1405 Chinese Admiral Zheng He, with an impressive fleet of junks, some of them with nine masts, sets sail on the first of seven voyages to map the world. They visit almost all of the world long before Europeans do and have an enormous effect on the civilisations outside of China, but little is made known of it in the West.

1895 The first automobile race, from Paris to Bordeaux (1 178km), takes place.

1899 Giovanni Agnelli founds Fiat, the parent company of Ferrari.

1915 The German cruiser Königsberg is scuttled in the Rufiji River, near Dar-es-Salam, after being cornered in dense mangroves by an English fleet. Durban civilian pilot Denis Cutlerd makes his seaplane available as a spotter for the naval gunners. Wilbur Smith wrote a best-selling novel, Shout at the Devil, about it.

1924 Scot Eric Liddell wins the 400m gold medal at the Paris Olympics, after refusing to run on a Sunday in the 100m heat. He dies in a Japanese civilian internment camp in 1945.

1952 SA’s Bobby Locke wins the British Golf Open – his third title in four years.

1963 Security police raid Lilliesleaf Farm in Rivonia, arresting the nucleus of the leadership of the ANC’s armed wing.

1978 A truck carrying liquid gas blows up at a Spanish camp site, killing 216 tourists.

1979 America’s first space station, Skylab, burns up over the Indian Ocean.

1984 Britain orders that air bags or seat belts become mandatory in cars.

1995 The Srebrenica massacre – the mass murder of more than 8 000 Bosnian Muslims and the worst atrocity in Europe since World War II – begins after Dutch peacekeeping forces turn away thousands of civilians from safety during the UN-led war in the former Yugoslavia.

2006 Mumbai bomb attacks kill 209 people.

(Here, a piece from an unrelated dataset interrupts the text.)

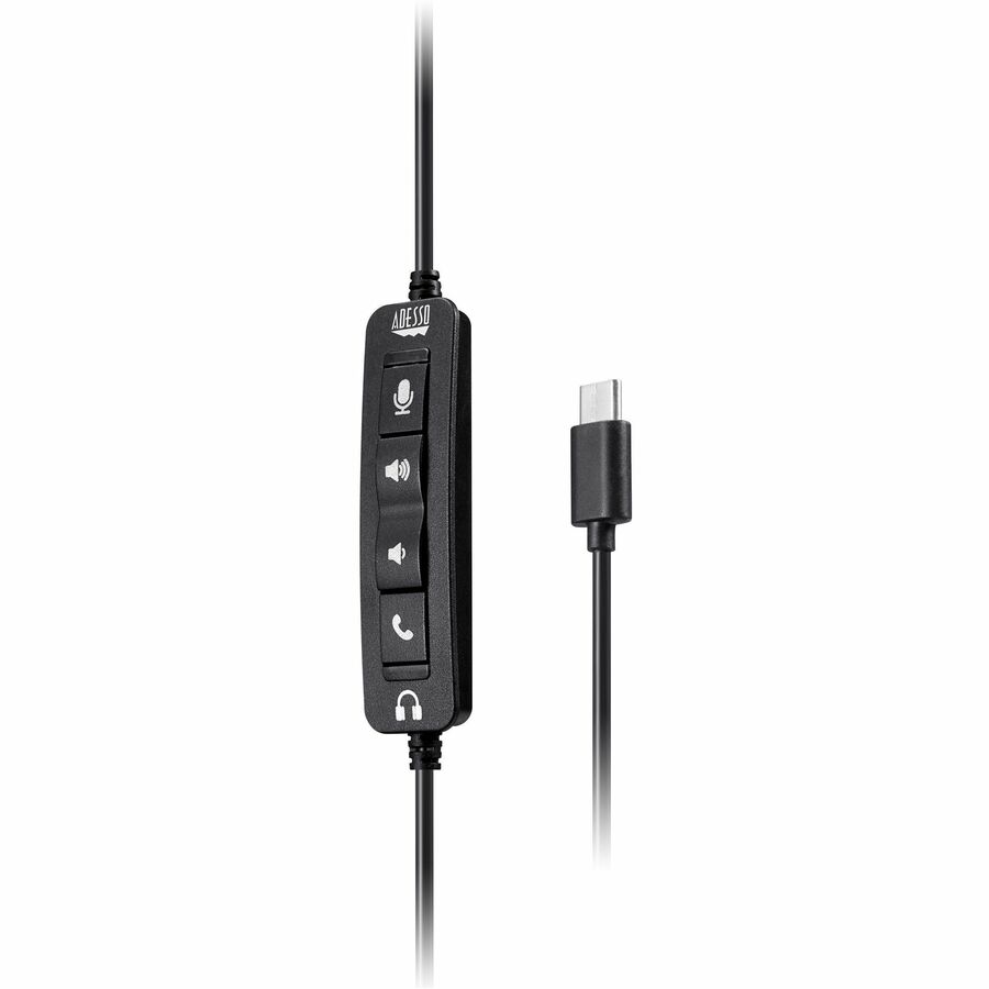 Adesso Headset with Push to talk, Volume +/-, Answer/End Call Controls - Stereo - USB Type C - Wired - 2.2 Kilo Ohm - 20 Hz to 20 kHz - Over-the-ear, Over-the-head - Binaural - Supra-aural - 6 ft Cable - Omni-directional MicrophoneTAA Compliant

2010 Spain beats the Netherlands, 1-0 in the World Cup final in Johannesburg.

2019 The last VW Beetle leaves the factory, 80 years after the iconic car was first produced.

2021 Wholesale looting, vandalism and arson spreads from KwaZulu-Natal to Gauteng. The police are overwhelmed by the scale and speed of events and residents man blockades, preventing outsiders from entering suburbs. Panic buying causes the restricted sale of items because it is too dangerous to resupply shops. Fuelled by inflammatory statements over former president Jacob Zuma’s arrest, the violence will cause the deaths of 354 people and billions of rand in damages by the time it ends on July 18.